Type the commands yourself to get the practice doing it. This will also slow you down so you can think about the commands and what they are doing as you type them.</font>
Save your notebook when you are done, then try the accompanying exercises.
In [ ]:
%pylab inline
import numpy as np
import matplotlib.pyplot as plt
In a previous lesson we explored numerical integration by choosing points along the function and calculating/summing areas. In this lesson we will explore an entirely different technique, one that is very useful because it easily extends to intgrating functions in any number of dimensions. There are many areas of physics where we need to evaluate multi-dimensional integrals. For example, to find the electric field due to a surface or volume of charge.
Monte Carlo methods are a class of algorithms that use random number sampling to obtain numerical results. They were pioneered by scientists working on the Manhattan Project to simulate the interactions of neutrons with matter during the development of the first atomic weapons. "Monte Carlo" was the code name used to disguise the work of Stanislaw Ulam and John von Neumann as they developed the first algorithms using random number sampling. The choice of that particular codename comes from the fact that the technique resembles the games of chance played in the casinos of Monte Carlo in the principality of Monaco. (Las Vegas was not yet as well known as a center of gambling.)
The first application of Monte Carlo methods that we will explore is for integrating functions. In another lesson we will look at using random number sampling to simulate physical phenomena.
At its essence, Monte Carlo (MC) integration uses a random sampling of points within a domain where our function is defined to estimate the area bounded by the function. It is actually easier to explain with an analogy in 2 dimensions, even though it will work in any number (1, 2, 3, ..., $n$) of dimensions. That's one of the reasons it is so powerful. It is also easily converted to an algorithm that a computer can execute. Another bonus.

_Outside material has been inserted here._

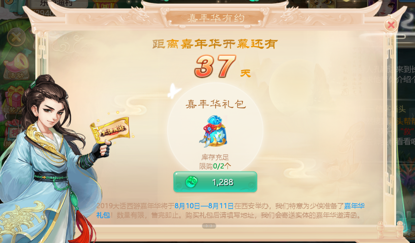四海兄弟聚首长安,携手共庆嘉年盛会。2019大话嘉年华之超级庆典将于8月10日-8月11日在西安诗经里隆重开启,门票今日正式开售!届时,三界侠士们将欢聚线下,在千年古都西安参与这场夏日最精彩的庆典,赶快购票参与这场大话玩家专属的盛会吧! 大话嘉年华之超级庆典官网专题:https://dhxy.163.com/2019/party/ 共襄盛举!大话嘉年华门票今日开售 8月10日-8月11日,2019大话嘉年华之超级庆典将以“龙吟东方,欢聚长安”为主题在西安诗经里景区内盛大开启,大话将以诚意十足的姿态,邀请来自五湖四海的玩家们共同前来欢度盛会,一起书写今夏最为难忘的回忆! 今天(7月4日)12点35分-7月7日0点,首批嘉年华门票正式开售,售价为1288仙玉,希望前往现场参与嘉年华盛会的玩家们,请尽早购买门票。 此次嘉年华门票为双日多次券,每个持有入场券的玩家可以活动期间进入嘉年华现场参与活动。本届嘉年华定址于西安诗经里景区内(地址:陕西省西安市沣东新城沣河东路818号),其中大话西游嘉年华区域为封闭式区域,活动当天,成功购买门票的玩家可凭入场券在景区入口处签到,兑换大话玩家身份凭证后方可畅游大话嘉年华!同时,凭门票还可在首次入园时领取包含大话周边、线下游玩代币的游园礼包,门票副券更可参与8月10日的抽奖活动,请大家妥善保存,不要错失抽奖机会哦! 豪华游园礼包相赠,丰富活动乐不停! 作为大话玩家们最为期待的年度盛事,除了一如以往的精彩表演、趣味互动内容之外,大话精心筹备的游园会将为所有来到现场的玩家们带来童趣十足的参与体验。 玩家入园时所获得的游园礼包中,不仅包含颜值与实用并存的大话定制国风单肩背包,手持电风扇和折叠晴雨伞,还将附赠一件独具特色的种族T恤。届时,玩家们可以通过游园手册了解每个游园活动的位置和简介,并使用游戏代币参加园内游戏,赢取周边兑换券,兑换稀有周边! 除了游园活动之外,玩家们还能在嘉年华举办期间参与大话西游年度发布会,第一时间了解游戏最新爆料,更能观战大话手游无差别PK赛总冠军决赛,亲眼见证武林王者的诞生! 2019大话西游国风嘉年华Q&A Q:今年的大话西游国风嘉年华是什么时候? A:2019年8月10日——8月11日(每天上午10:00开场)。 Q:今年嘉年华的举办地点在哪? A:今年的嘉年华,大话将来到古城西安的诗经里。地址:陕西省西安市沣东新城沣河东路818号。 Q:本次活是否提供交通接送? A:我们将安排地铁站(地铁:四号线鱼化寨站)至嘉年华活动现场的接送服务。 Q:门票入场后是否还有其他作用? A:门票副券将可以用于8月10日抽奖活动,请玩家妥善保管;损坏、丢失一律不予补发。 Q:大话嘉年华要如何入场? A:各位玩家可以进入游戏进行门票的购买,7月4日起游戏内将进行嘉年华门票的售卖,每张门票1288仙玉。大话官网、微信公众号以及论坛也将上线免费获得门票的福利活动,不要过错哦! Q:游戏内购买门票后,如何获得实体门票? A:游戏内购买后,我们会将线下嘉年华门票通过邮寄的方式寄送至您确认的地址。 Q:门票是否能够多次使用? A:门票为双日多次券。每次持有门票的玩家可以在8月10日和8月11日进入嘉年华现场进行游园,还可以在嘉年华会场签到处领取游园礼包一个。(每张入场券只能在首次入园时领取一个游园礼包) Q:需要带什么凭证到现场?怎样才能领取2019大话西游国风嘉年华线下大礼包? A:入场券门票是领取嘉年华礼包的唯一凭证,请玩家务必携带门票至现场。 Q:我若有事无法参加本次嘉年华,可以将门票转让给朋友吗? A:您可以将门票转给和您一样热爱大话的朋友。 Q:能否带亲友和孩子进入嘉年华现场? A:每名玩家都可以凭门票携带一名身高1.2米以下的儿童入场,不能携带成年人入场。 Q:我可以带食物和水入场吗?可以带宠物进去吗? A:可以带食物以及水进场,但不可以带宠物,敬请谅解。 Q:本次活动是否会提供餐饮服务? A:游园礼包内配有饮用水。景区内设置有商家餐饮售卖,需要自费购买。 Q:如何了解更多的活动信息? A:请随时关注我们的官网、官方论坛、微信公众号,获取嘉年华的一手信息。 |

Consider the example shown here:
I want to know the area of the circular dartboard. If I throw $N$ darts randomly at the board (I'm not a very good dart player), the area of the circle can be approximated as the ratio of the number of darts within the circle, $N_{in}$ to the total number of darts thrown, $N = N_{in} + N_{out}$, times the area of the rectangular board:
$$ A_{circ} \simeq \frac{N_{in}}{N}A_{board} $$In this case, count all the dots and you find that there are 40 of them, with 15 inside the dartboard and 25 in the white area of the rectangular board. The board has sides of length 4, and the radius of the circle is 1.375. Thus we can compare the exact value for the area with our approximate value:
$A_{board} = l \times w$
$A_{exact} = \pi r^2$
In [ ]:
l = w = 4.
r = 1.375
Nin = 15
N = 40
Aboard = l*w
Aexact = pi*r**2
Acirc = (Nin/float(N))*Aboard #since we calc a ratio, make sure they are floats!
print "Aboard =",Aboard
print "Aexact =",Aexact
print "Acirc =",Acirc
print "Error =",(100.*(Acirc-Aexact)/Aexact),"%"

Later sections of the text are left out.